> **Data for processing**
══════
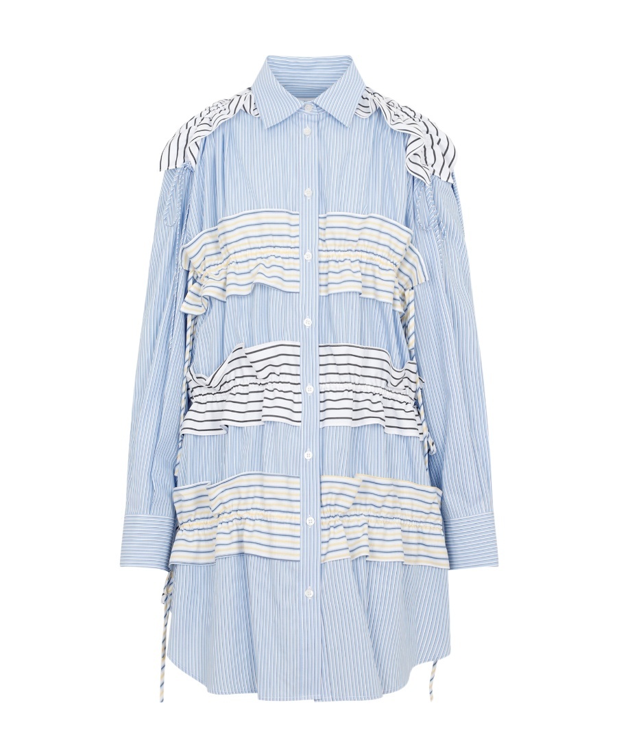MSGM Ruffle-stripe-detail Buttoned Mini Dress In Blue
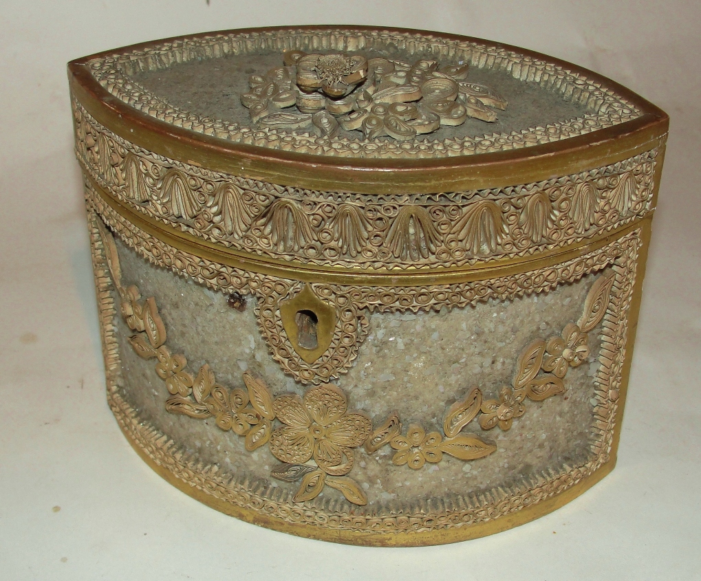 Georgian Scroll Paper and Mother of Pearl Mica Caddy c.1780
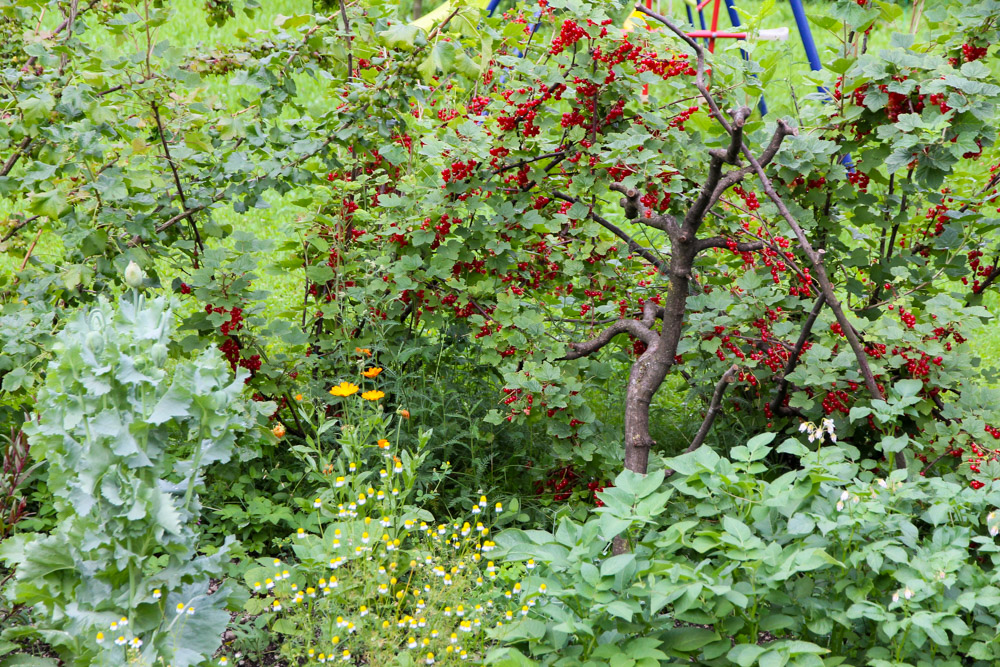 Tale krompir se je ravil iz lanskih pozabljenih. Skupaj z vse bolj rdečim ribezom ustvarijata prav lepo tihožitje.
══════
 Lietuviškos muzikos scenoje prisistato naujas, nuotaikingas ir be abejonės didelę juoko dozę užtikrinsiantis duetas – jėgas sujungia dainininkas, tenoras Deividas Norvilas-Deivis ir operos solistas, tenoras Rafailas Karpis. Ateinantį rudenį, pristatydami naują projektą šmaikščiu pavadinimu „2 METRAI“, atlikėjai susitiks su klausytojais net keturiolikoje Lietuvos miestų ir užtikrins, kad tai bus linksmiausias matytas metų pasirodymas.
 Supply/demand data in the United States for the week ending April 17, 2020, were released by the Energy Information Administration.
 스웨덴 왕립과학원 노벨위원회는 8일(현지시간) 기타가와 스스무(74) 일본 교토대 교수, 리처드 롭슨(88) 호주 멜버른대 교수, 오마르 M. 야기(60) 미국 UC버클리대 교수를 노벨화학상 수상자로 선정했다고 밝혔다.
══════
> **Task requirements**
Return exactly the lines of the material above, starting at the line containing "MSGM Ruffle-stripe-detail Buttoned" and finishing at the line containing "Tale krompir se", without any pictures.

> **Answer area**
MSGM Ruffle-stripe-detail Buttoned Mini Dress In Blue
 Georgian Scroll Paper and Mother of Pearl Mica Caddy c.1780
 Tale krompir se je ravil iz lanskih pozabljenih. Skupaj z vse bolj rdečim ribezom ustvarijata prav lepo tihožitje.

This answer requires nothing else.